Print every record below exactly as it stands, but leave out the pictures.

═════ Input data ═════

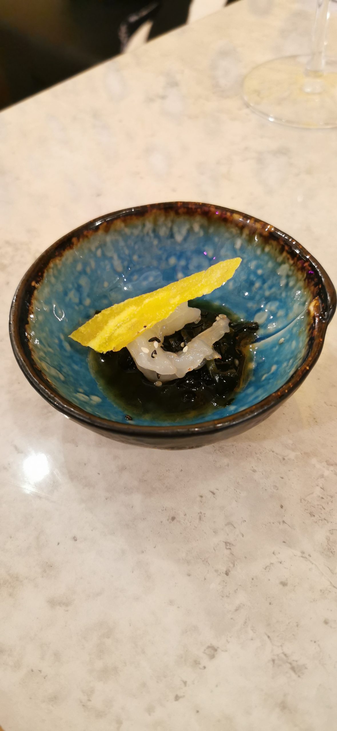Enzo ci ha accolti con un entrée di gambero rosa, alga wakame e salsa ponzu.
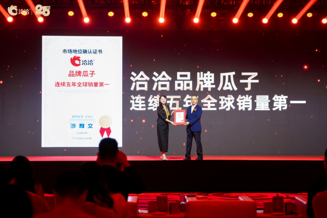洽洽获得沙利文认证品牌瓜子连续5年全球销量第一
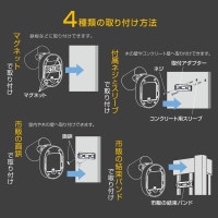 ● 4種類の取り付け方法(マグネット、市販の画鋲、付属ネジとスリーブ、市販の結束バンド)
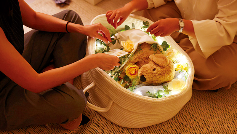 不同於人們印象中莊嚴肅穆的告別式,這裡的環境更像是一處靜謐的療癒空間。儀式從為毛孩梳理毛髮開始、再輕抹腳掌乳液,在禮儀師的引導下,一邊獻花,一邊回想初次相遇的時刻;再提筆寫下卡片,留給牠最後的承諾:家人永遠愛你,也會好好生活下去。
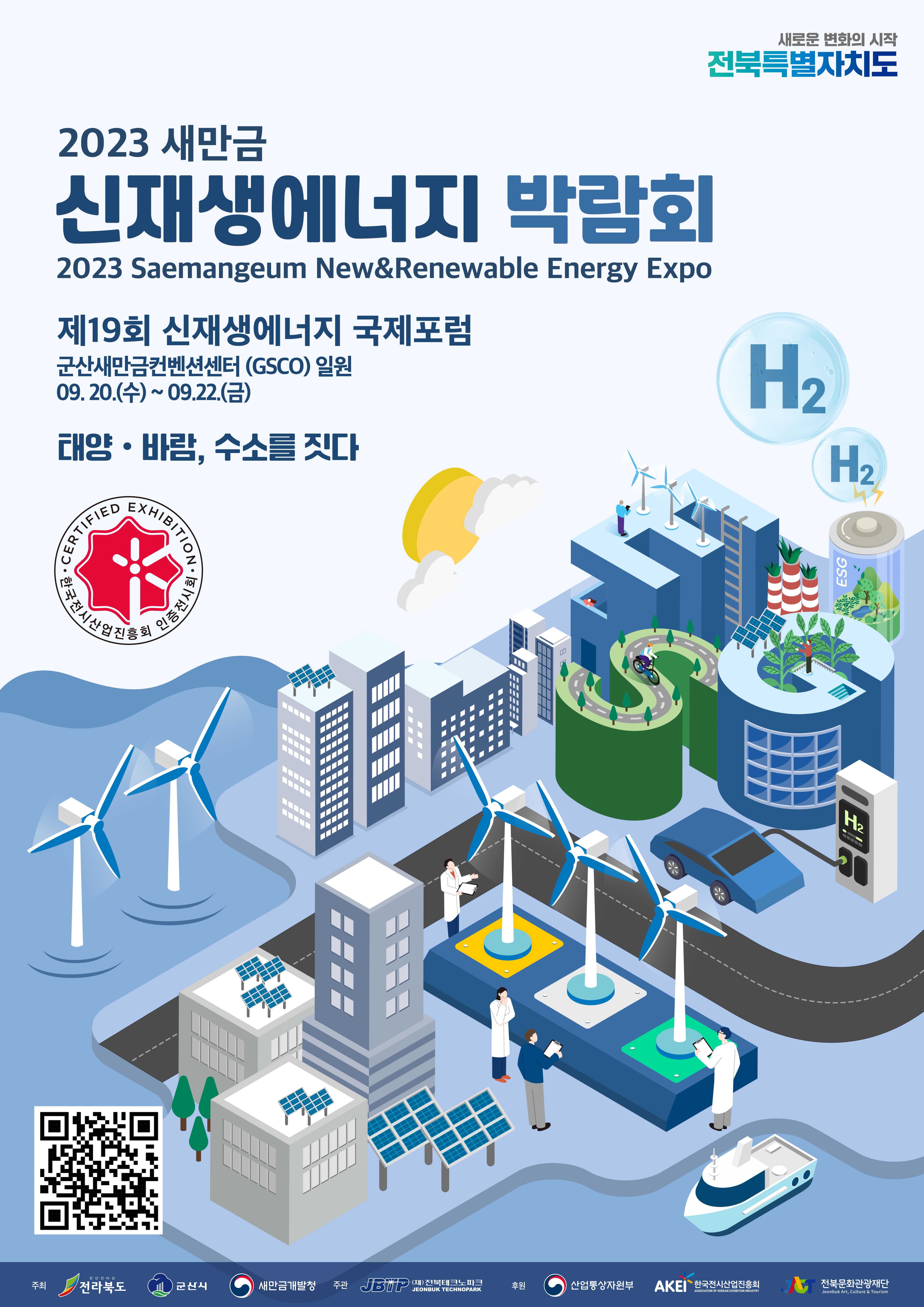 전북테크노파크에서는 국제경쟁력을 확보한 신재생에너지산업 허브로 성장하기 위해 2023 새만금 신재생에너지 박람회를 개최합니다!!!

═════

* [Result of this exercise]:
Enzo ci ha accolti con un entrée di gambero rosa, alga wakame e salsa ponzu.
洽洽获得沙利文认证品牌瓜子连续5年全球销量第一
 ● 4種類の取り付け方法(マグネット、市販の画鋲、付属ネジとスリーブ、市販の結束バンド)
 不同於人們印象中莊嚴肅穆的告別式,這裡的環境更像是一處靜謐的療癒空間。儀式從為毛孩梳理毛髮開始、再輕抹腳掌乳液,在禮儀師的引導下,一邊獻花,一邊回想初次相遇的時刻;再提筆寫下卡片,留給牠最後的承諾:家人永遠愛你,也會好好生活下去。
 전북테크노파크에서는 국제경쟁력을 확보한 신재생에너지산업 허브로 성장하기 위해 2023 새만금 신재생에너지 박람회를 개최합니다!!!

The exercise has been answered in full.